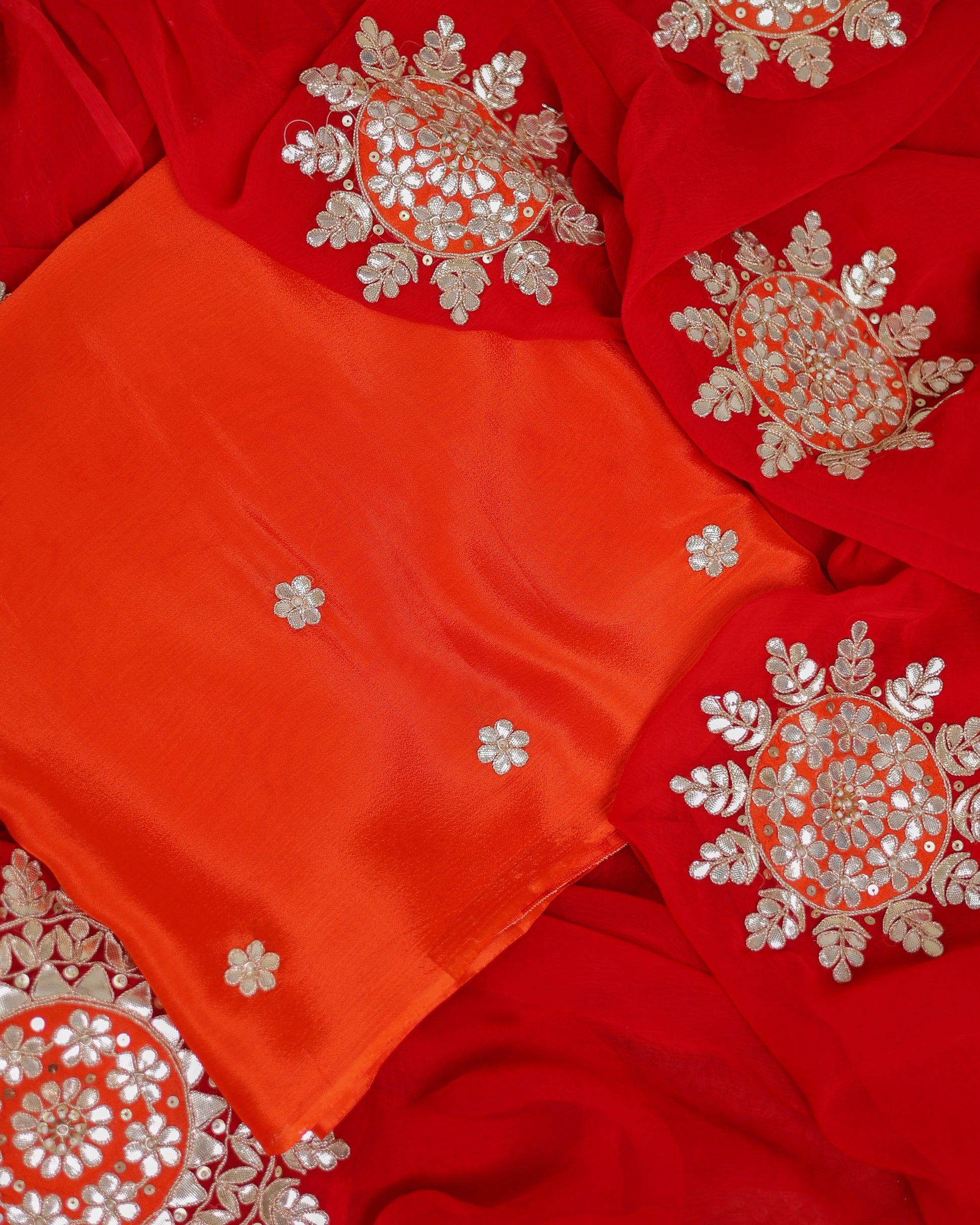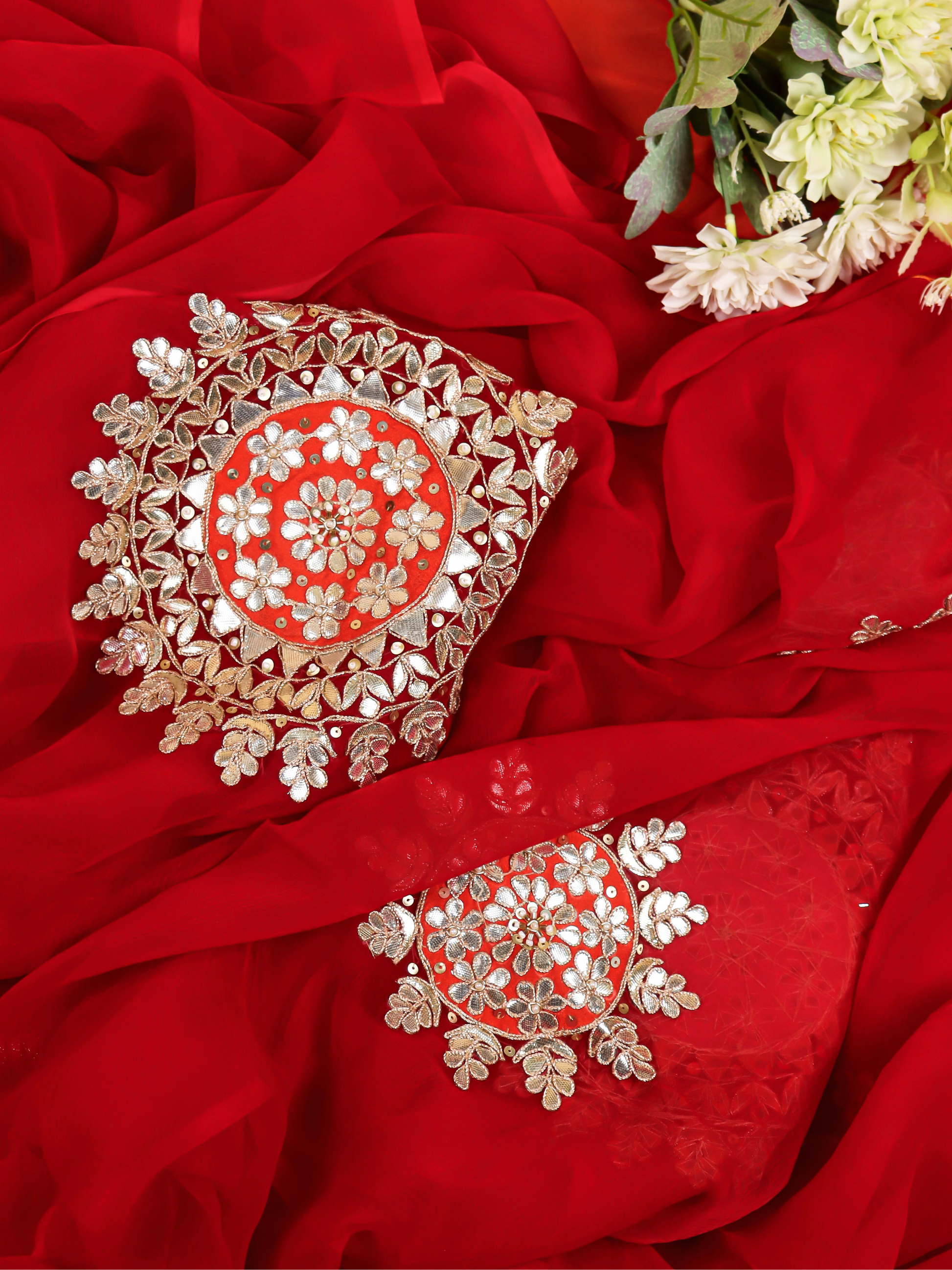 This red gotapatti saree is more than just a garment—it's a celebration of culture, craftsmanship, and timeless beauty. The intricate gota work dances across the rich red fabric, catching every glimmer of light and turning moments into memories. Perfect for festive nights, wedding vibes, or any occasion where grace meets grandeur.
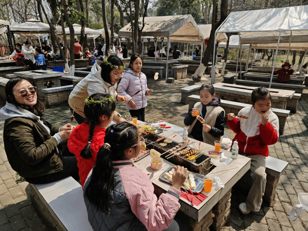 游戏过后,大家期待已久的自助烧烤环节拉开帷幕。烧烤架上,食材在炭火的烘烤下滋滋作响,诱人的香气扑鼻而来。老师们纷纷化身 “大厨”,熟练地翻烤着肉串、蔬菜,孩子们则在一旁帮忙,兴奋地传递着食材和调料。大家围坐在一起,共享美食,欢声笑语回荡在空中。此时,享受的不仅是美食带来的愉悦,更是心灵的交流与碰撞,亲子间、同事间的距离在烟火气息中悄然拉近。
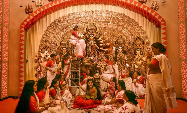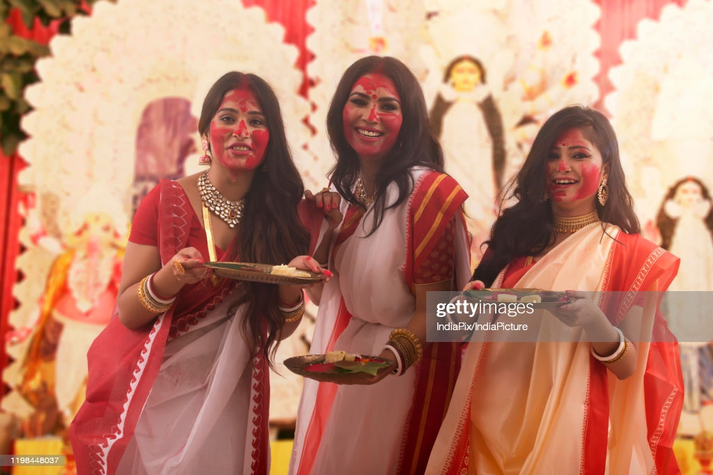 Eighth day for people in this part of India is traditionally Durgashtami and is of the most importance. Most of the pandals on this day are themed around exquisitely crafted and decorated life-size clay idols of the goddess Durga slaying the demon Mahishasura A demon king with a buffalo head. These idols are then worshipped for five days and immersed in the river on the fifth day. While the North and South parts of India don’t really have any specific outfits for this festival, East and West do. In east India, women wear their gorgeous red and white bengali sarees for this puja and men dress up in the traditional kurta-pyjama outfit.
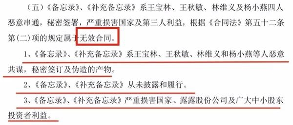 在今年1月5日承德露露发布的重大诉讼进展公告中,关于为何认定两份备忘录为无效合同有详细表述。

● **WORK INSTRUCTIONS**
Except for the pictures, please retype the listing above exactly.

● **ANSWER AREA**
 This red gotapatti saree is more than just a garment—it's a celebration of culture, craftsmanship, and timeless beauty. The intricate gota work dances across the rich red fabric, catching every glimmer of light and turning moments into memories. Perfect for festive nights, wedding vibes, or any occasion where grace meets grandeur.
 游戏过后,大家期待已久的自助烧烤环节拉开帷幕。烧烤架上,食材在炭火的烘烤下滋滋作响,诱人的香气扑鼻而来。老师们纷纷化身 “大厨”,熟练地翻烤着肉串、蔬菜,孩子们则在一旁帮忙,兴奋地传递着食材和调料。大家围坐在一起,共享美食,欢声笑语回荡在空中。此时,享受的不仅是美食带来的愉悦,更是心灵的交流与碰撞,亲子间、同事间的距离在烟火气息中悄然拉近。
 Eighth day for people in this part of India is traditionally Durgashtami and is of the most importance. Most of the pandals on this day are themed around exquisitely crafted and decorated life-size clay idols of the goddess Durga slaying the demon Mahishasura A demon king with a buffalo head. These idols are then worshipped for five days and immersed in the river on the fifth day. While the North and South parts of India don’t really have any specific outfits for this festival, East and West do. In east India, women wear their gorgeous red and white bengali sarees for this puja and men dress up in the traditional kurta-pyjama outfit.
 在今年1月5日承德露露发布的重大诉讼进展公告中,关于为何认定两份备忘录为无效合同有详细表述。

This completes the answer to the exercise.